**Data**
★ ★ ★ ★

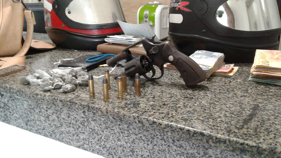 Na casa também foram apreendidas drogas e dinheiro da venda dos entorpecentes. Todo o material foi entregue na a Delegacia para ser restituídos aos proprietários.
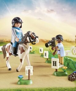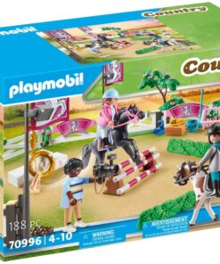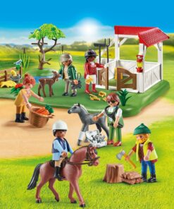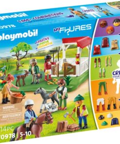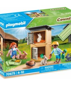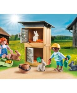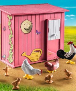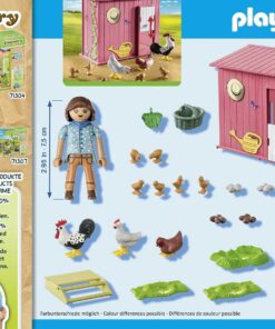 Contenido: Figura: 1 mujer; Animales: 2 gallinas, 1 gallo, 6 pollitos; Accesorios: 4 huevos, 2 suelos de hierba, 1 gallinero
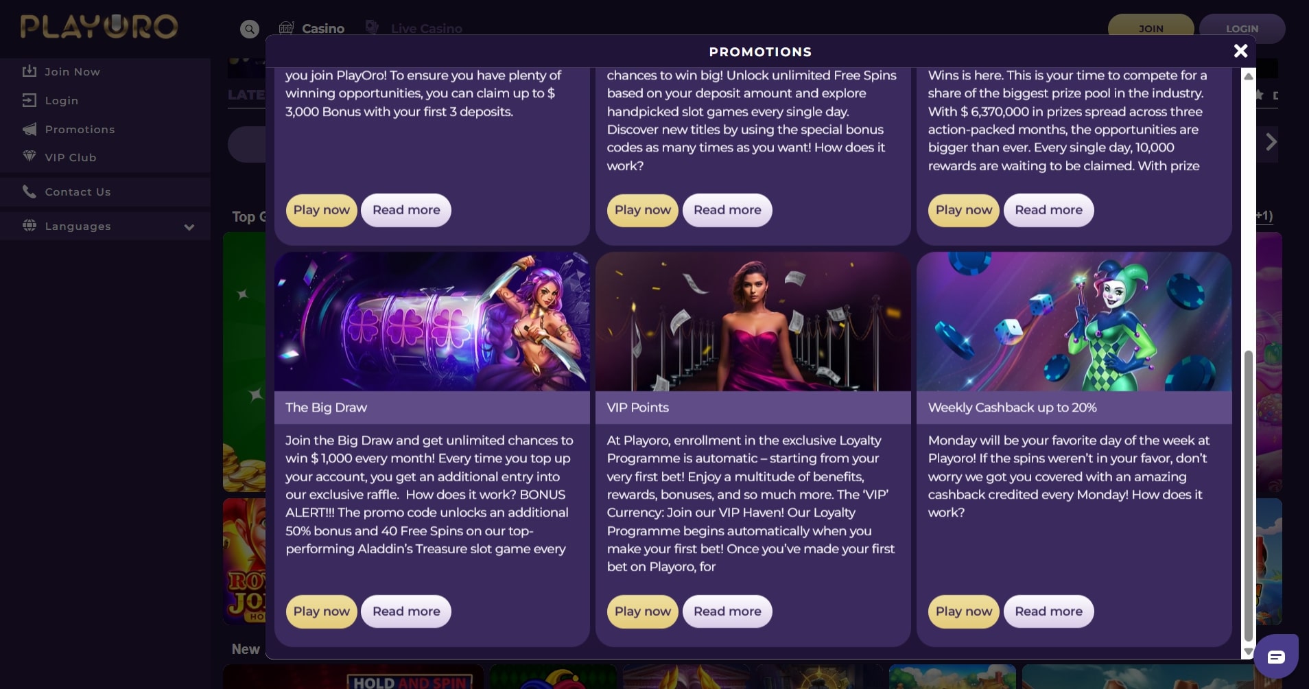 Playoro may be relatively new to the online casino scene, but it has quickly gained a reputation for providing a broad spectrum of games, straightforward bonuses, and top-notch customer support. Its multi-tiered welcome package and VIP program cater to both newcomers and high rollers alike.

★ ★ ★ ★

**Instructions for the task**
Reproduce exactly the lines above from the one with "Contenido: Figura: 1" through the last line of the data, keeping both ends and dropping the pictures.

**Solution for this problem**
 Contenido: Figura: 1 mujer; Animales: 2 gallinas, 1 gallo, 6 pollitos; Accesorios: 4 huevos, 2 suelos de hierba, 1 gallinero
 Playoro may be relatively new to the online casino scene, but it has quickly gained a reputation for providing a broad spectrum of games, straightforward bonuses, and top-notch customer support. Its multi-tiered welcome package and VIP program cater to both newcomers and high rollers alike.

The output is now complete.